Q&A: Berkshire Train Crash

Seven people have died after a high-speed train hit a car on an unmanned level crossing in Ufton Nervet, near Reading. Rail expert Christian Wolmar gives his assessment.

Q: What are your impressions about what went wrong?

What is awful about this is the similarity with the crash that killed 10 people at Selby three years ago where again it was a car that got onto the track that then derailed the train.

This is quite a rare event because most of the time when cars get on tracks, they are knocked away by the train.

But in this instance clearly the car got knocked underneath the train and derailed it. The important thing to emphasise is that this is a road crash that has effectively caused a rail disaster.

Q: What will investigators be looking for?

They will be looking at the car, they will be checking that the barriers were working properly, which is highly likely – these things are failsafe.

They will be concentrating on looking at where the car was when it was first struck.

My sources tell me the investigation is centring on suicide but that is not proven. If that is true, it makes it almost impossible to prevent.

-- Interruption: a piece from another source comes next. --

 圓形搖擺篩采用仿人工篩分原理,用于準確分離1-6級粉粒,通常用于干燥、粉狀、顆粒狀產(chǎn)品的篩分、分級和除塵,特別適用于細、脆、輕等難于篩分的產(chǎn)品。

Q: This will raise concern that there is always going to be risk where cars have to cross rail tracks where trains are travelling at more than 100mph.

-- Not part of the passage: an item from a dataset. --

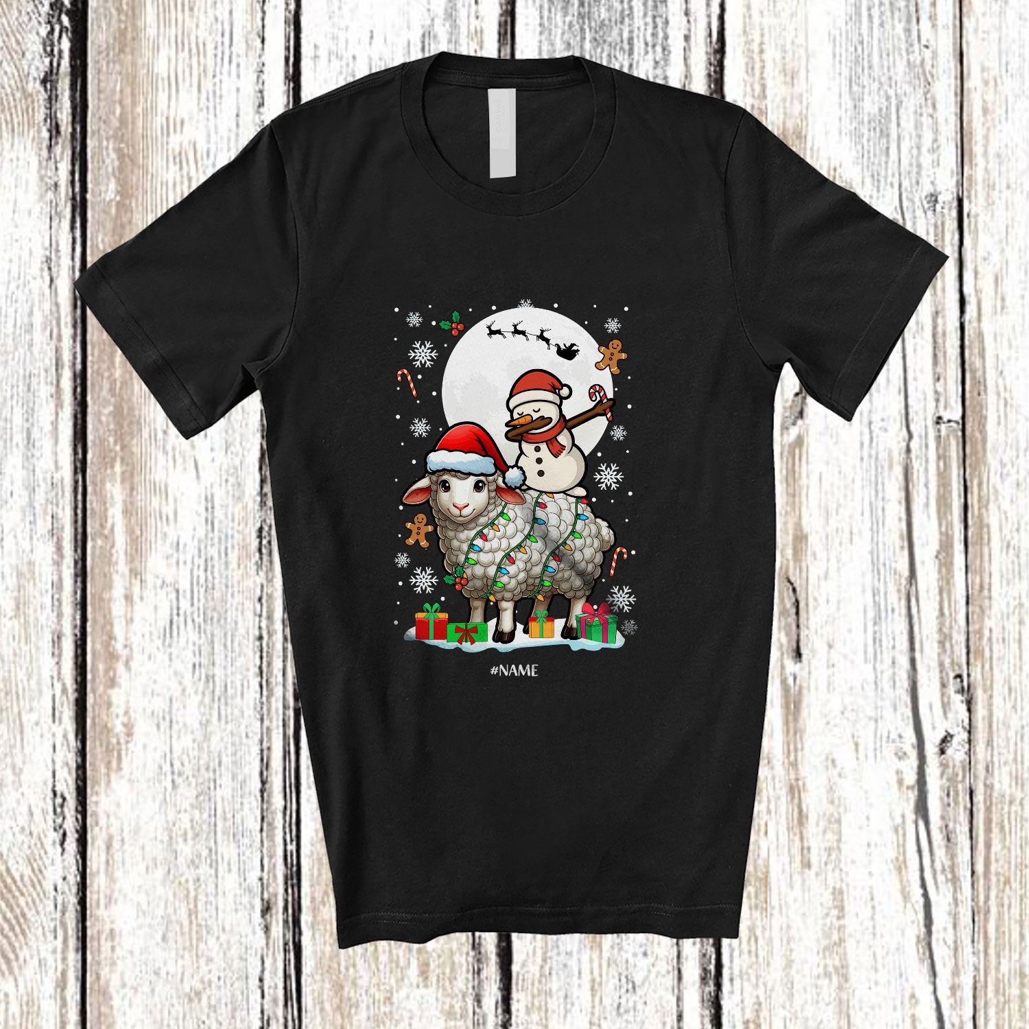 Personalized Dabbing Snowman Riding Sheep; Amusing Christmas Lights Custom Name Farmer T-Shirt

The unions are saying ‘Oh, we should have underpasses everywhere’. The cost of that would be in the order of billions of pounds.

Level crossings have been taken out on main, very heavily used lines but you can’t possibly have underpasses everywhere, I’m afraid.

In terms of risk assessment it is not worth doing. The money would be better spent on kidney machines or the NHS or something.

These are generally little used roads. There are about 10 people killed a year on level crossings but in terms of international comparisons that is quite a low rate.

It is just like road accidents – they happen and sometimes there is not an enormous amount you can do about them.

Q: The rail unions point to the rail inspectorate, which says that level crossings pose significant threats to safety.

There is a problem obviously in that 10 people a year die but 3,500 people die on the roads every year.

It is very rare that the rail passengers get injured or killed in these sorts of incidents. Most of the time it’s the motorists or people who basically made a mistake and got on the track at the wrong time.

You just cannot spend billions of pounds replacing level crossings. It’s as if you tried to make every traffic light in town centres into an underpass or an overpass.

Q: Are there any obvious safety measures that could be put in place at little cost – CCTV perhaps, motion detectors to tell the signalmen if there’s something across the line at the crossing.

The idea of sensors is probably not there yet in terms of technology.

There are some simple things. For example, when the barriers are down motorists tend to wiggle across them because they are half barriers.

If you made each of the bits of road leading up to the crossing into a kind of dual carriageway and put a fence down the middle of the road for seven or eight car lengths, it would stop motorists doing that.

You could do that kind of thing to prevent motorists being daft.